I jumped to a similar conclusion right away and popped over here to comment only to find you have beaten me to the punch. I use to keep a work wiki page of common problems the team encounters over and over again.
Years ago, I stumbled upon the "idea" was already debated in other fields long before programming. Lumpers and Splitters.
https://en.wikipedia.org/wiki/Lumpers_and_splitters
Wow, thanks for that, TIL! I’m definitely a code lumper.
"Ambiguity is the enemy", as a rule of thumb, has helped me
Every few years I watch, with amusement, our management restructuring the organizational hierarchy, allegedly because the old one didn't work.

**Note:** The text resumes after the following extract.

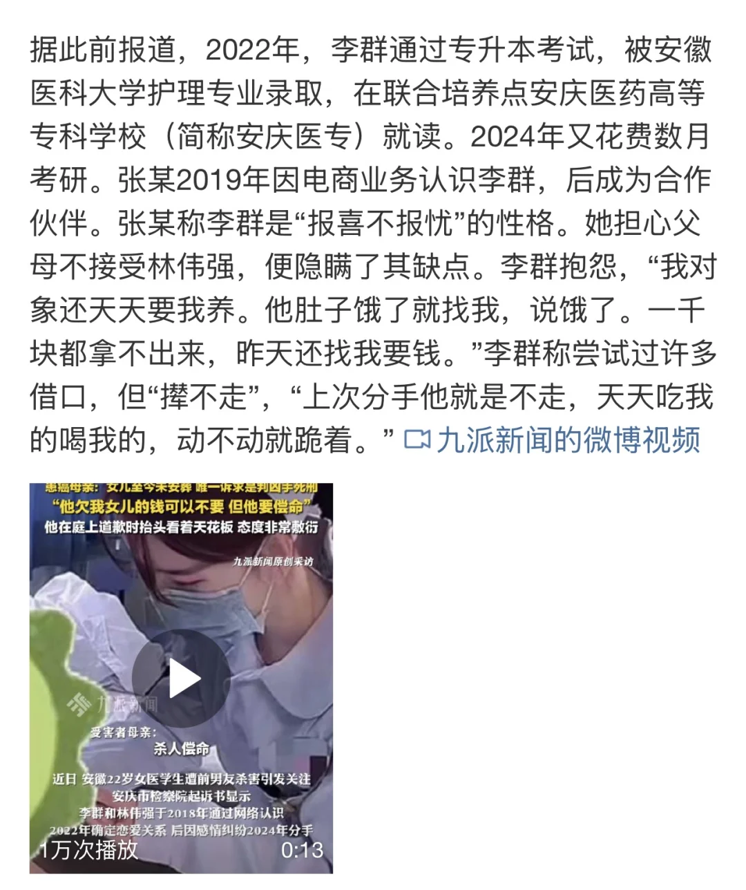 📍 受害者:李群,22岁,安徽医科大学护理专业专升本学生,案发时正在备战考研。

I thought the two hard problems were naming things, cache invalidation, and off-by-one errors?
Don't race forget conditions!
His message was submitted before the memory recall completed execution.
At least the title “The Third Hard Problem” is still appropriate regardless of whether you get the joke right.
I thought it was timezones.
There are only two hard problems in computer programming:
1. Naming things 2. Cache invalidation 3. off-by-one errors
there are actually 10 problems: naming things, cache invalidation, base conversions, off by one errors, and cache invalidation
Base conversions are easy, but which off by one is it? base 4 or base 6?
Putting object into trees is basically a caching problem.
I was thinking it's a naming problem haha, a file path can be seen as a global/fully-qualified name really.
I wonder whether the author deliberately avoided ontology? That's what comes to mind when I read this. The age-old debate between taxonomy and ontology.
The first chapter of this waves away the fact that hierarchical filesystems are now useless, but it is still a fact. There is no more reason to organize your files than there is to drive around in a chariot. It is hard to map one domain to the other, but it is also not necessary. With AI indexing and recall it's less necessary than it has ever been.
This seems optimistic.
Use multiple trees.
This is more true as stated than people want to give credit for, usually.